The storm faded, and with every passing hour the silence felt more ominous. Jonah sat in the parlor, the dark broken only by a beam of moonshine through the part in the curtains.
"Conscience troubling you?" Thomas shouldered into the room.
"I thought you were upstairs."
"Nay, I could not sleep. I checked on Andy, then I went to the stable to think." A loose floorboard creaked as Thomas ambled closer. "You hurt her, Jonah."
"Aye. She wasn't meant to hear those words. I should not have spoken so freely." He steepled his hands, resting his elbows on his knees. "In time, she'll understand."

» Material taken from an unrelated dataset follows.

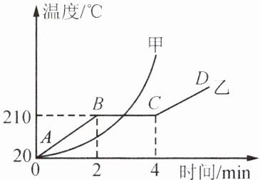 B.乙物质的熔点为210℃,熔化用时4 min
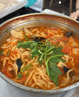 큰 냄비에 푸짐하게 나오는 칼국수 스타일이 특징입니다.

"A woman doesn't understand something like that. They are emotional creatures."
"Tessa is sensible. She will forgive me."
"Jonah, many in this village are bitter. Many a father had hoped it would be his daughter living in this house married to the rich and heroic major. Many feel Tessa unfairly took their chance away. You know what they have been saying. She has, too, and probably believes it now."
"I know." And he despised anyone who spoke against his wife, his good-hearted wife. Before her, he had forgotten what happiness felt like, that there was goodness in the human heart.
"She will be exhausted when she returns." Thomas pulled back the edge of the curtain and peered outside. "I would think on that, if I were you."
" 'Tis my plan." As long as he lived, he would make this up to Tessa, prove to her he wanted her and no other for his wife.
But as the hours ticked by, it began to feel as if she wasn't returning, as if she would never come home again.